■ YOUR TASK
All the lines below need to be transcribed exactly. Pictures get left out.

■ MATERIAL PROVIDED

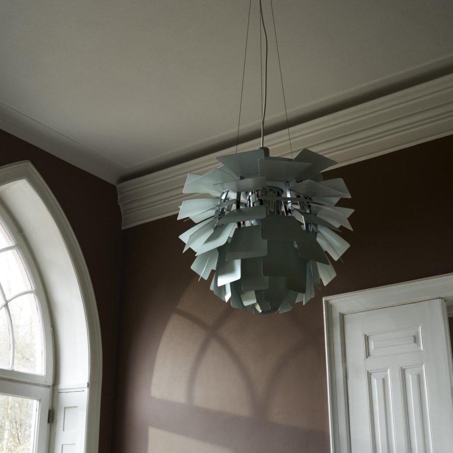 Navnet PH Kogle – også kendt som PH Artichoke – henviser til lampens karakteristiske, lagdelte struktur, hvor lyset spredes både indad og udad. Resultatet er en blød, jævn og stemningsfuld belysning, der skaber en behagelig atmosfære i rummet. Den støvede grønne nuance kombineret med kromets kølige refleksioner giver lampen et moderne, let og eksklusivt udtryk, der passer perfekt til både private hjem, kontorer og repræsentative miljøer.
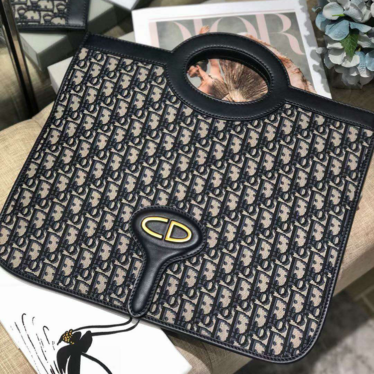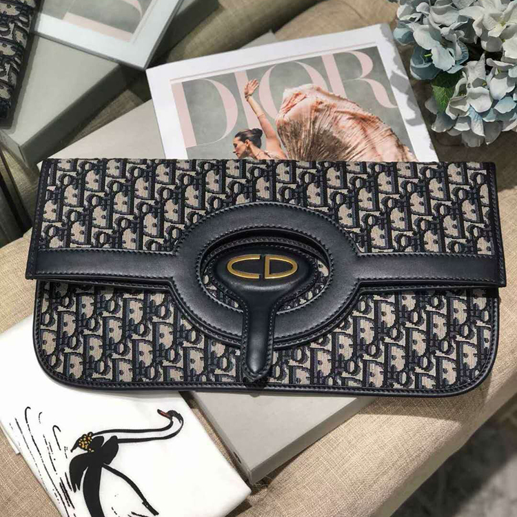 The Dior Oblique clutch portrays emblematic details that offer timeless appeal. The piece is crafted in original Dior Oblique jacquard canvas and adorned with a gold-finish 'CD' signature on the front. It may be held by its tonal leather handle or folded and used a clutch for a day or evening look.
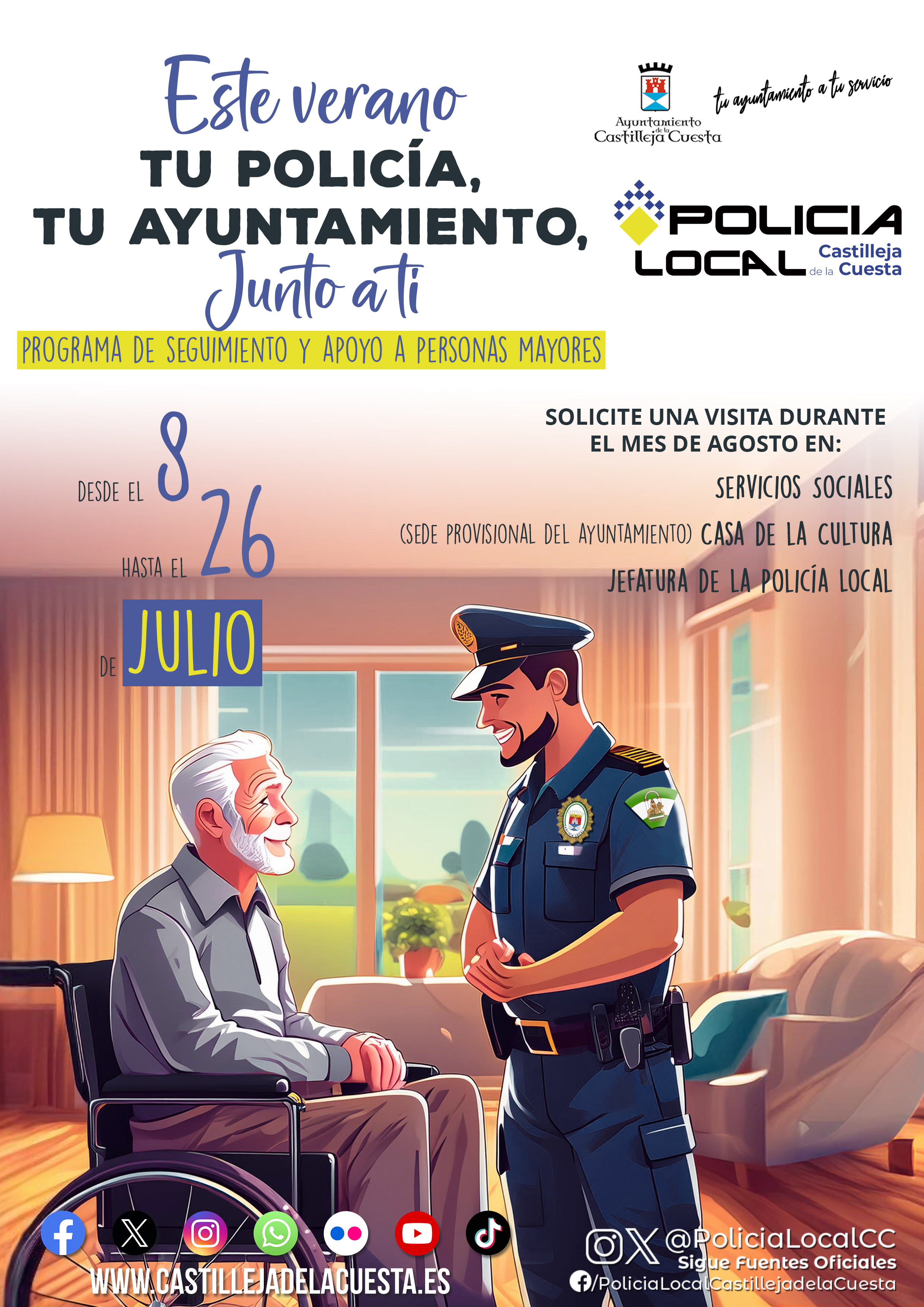 Por octavo verano consecutivo, el Ayuntamiento impulsa el programa de seguimiento y apoyo a personas mayores, especialmente a aquellas que viven solas. Este programa pionero, que desarrolla la Policía Local, velará por el cuidado de este colectivo, durante el mes de agosto.
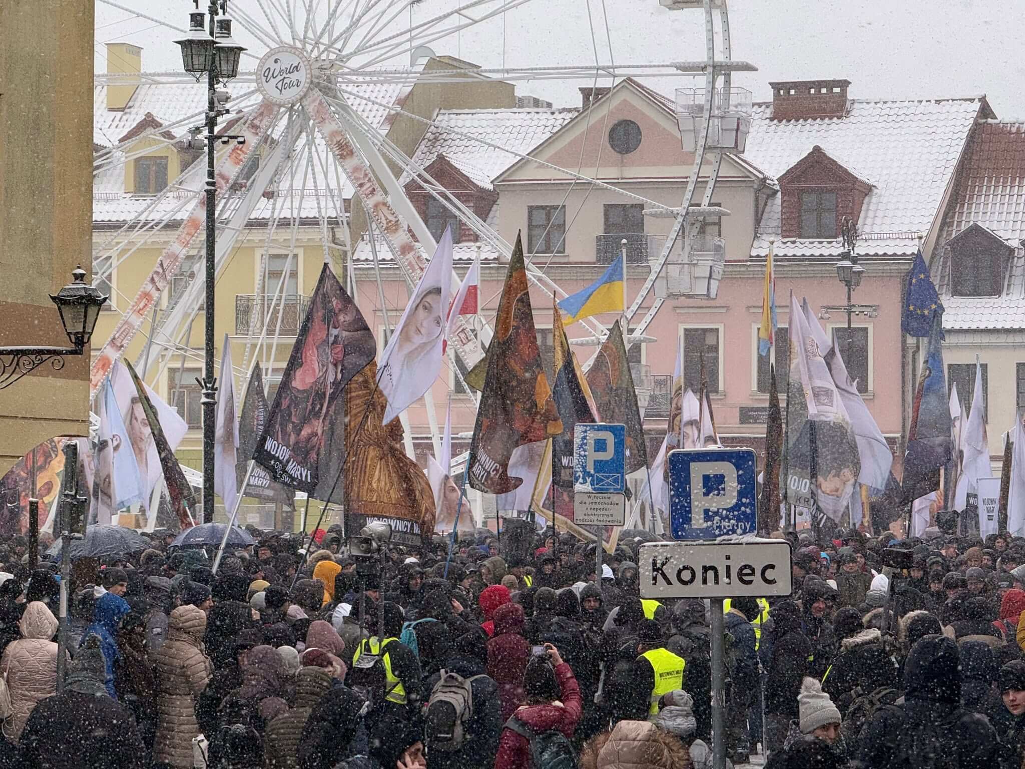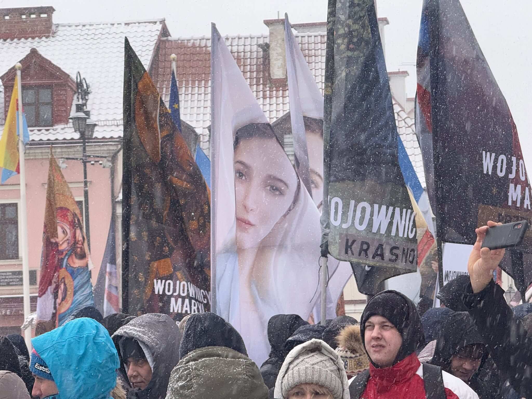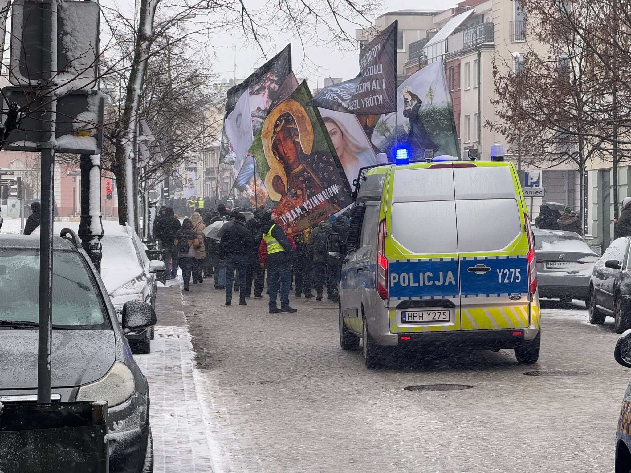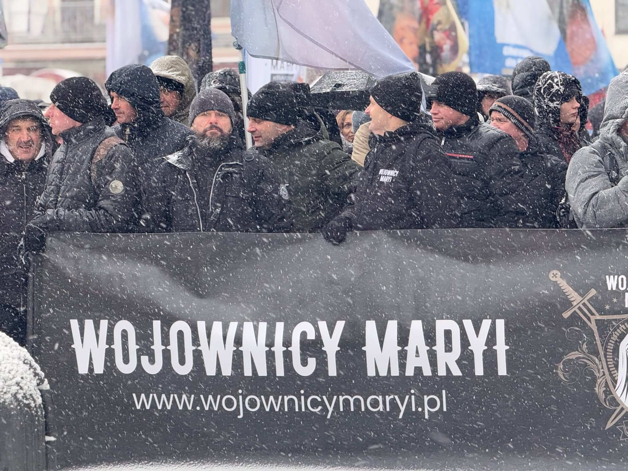 Wojownicy Maryi w Płocku. Z wielkimi flagami i różańcem w dłoniach przeszli ze Starego Rynku do Orlen Areny [FOTO, WIDEO]

■ SOLUTION TO THIS PROBLEM
 Navnet PH Kogle – også kendt som PH Artichoke – henviser til lampens karakteristiske, lagdelte struktur, hvor lyset spredes både indad og udad. Resultatet er en blød, jævn og stemningsfuld belysning, der skaber en behagelig atmosfære i rummet. Den støvede grønne nuance kombineret med kromets kølige refleksioner giver lampen et moderne, let og eksklusivt udtryk, der passer perfekt til både private hjem, kontorer og repræsentative miljøer.
 The Dior Oblique clutch portrays emblematic details that offer timeless appeal. The piece is crafted in original Dior Oblique jacquard canvas and adorned with a gold-finish 'CD' signature on the front. It may be held by its tonal leather handle or folded and used a clutch for a day or evening look.
 Por octavo verano consecutivo, el Ayuntamiento impulsa el programa de seguimiento y apoyo a personas mayores, especialmente a aquellas que viven solas. Este programa pionero, que desarrolla la Policía Local, velará por el cuidado de este colectivo, durante el mes de agosto.
 Wojownicy Maryi w Płocku. Z wielkimi flagami i różańcem w dłoniach przeszli ze Starego Rynku do Orlen Areny [FOTO, WIDEO]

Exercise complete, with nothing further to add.